Treat BOOL Variables as Binary Values

As a rule, the Objective-C BOOL type has only two appropriate values: YES or NO. On Apple silicon, the compiler defines the BOOL type to be a native bool, but on Intel-based Mac computers, it is a signed char. To avoid issues in universal binaries:

Never perform mathematical operations on BOOL variables.
Never increment or decrement BOOL variables.
Never assume the numerical value of a BOOL is anything other than 0 or 1.

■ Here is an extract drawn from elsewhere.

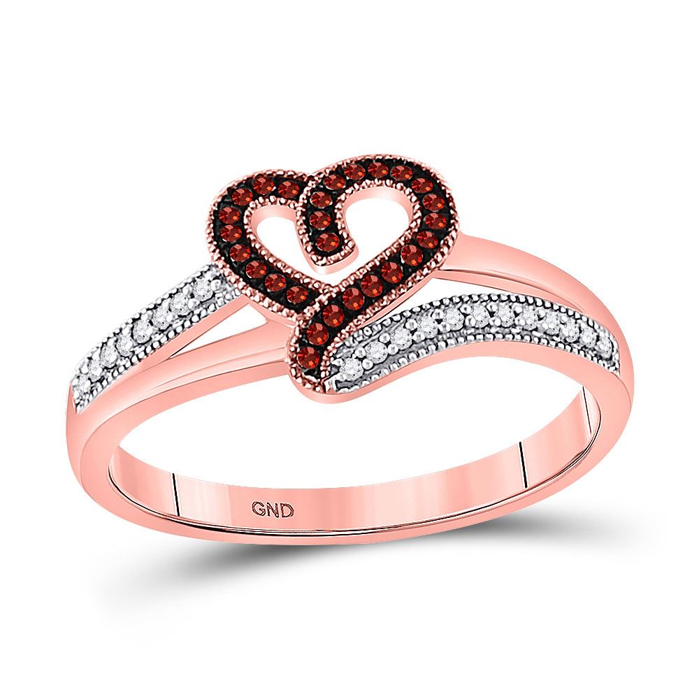 REF-22M7X - SKU: GD98572 ---- Round Red Color Enhanced Diamond Heart Ring 1/8 Cttw 10kt Rose Gold

To illustrate the problem, consider the following example:

int nBytes = 1024;
BOOL receivedBytes = nBytes;

if (receivedBytes) {
   printf("Success!\n");
} else {
   printf("Failure...\n");
}

On the x86_64 architecture, receivedBytes evaluates to 0, or false. On the arm64 architecture, receivedBytes evaluates to true. One way to fix the preceding code is to include two negation operators (!!) in front of the nBytes variable before assigning it to the receivedBytes variable, as shown in the following example:

int nBytes = 1024;
BOOL receivedBytes = !!nBytes;

Update Just-In-Time Compilers

Update the workflow of any just-in-time compilers to support Apple silicon, which prevent all memory pages from being simultaneously writable and executable. On Intel-based Mac computers, this same behavior applies only to apps that adopt the Hardened Runtime.

For more information, see Porting just-in-time compilers to Apple silicon.

Update C++ Code

The C++ ABI for Apple silicon matches the ABI for iOS devices, and not the ABI for Intel-based Mac computers. For information about the ABI, see iOS ABI Function Call Guide.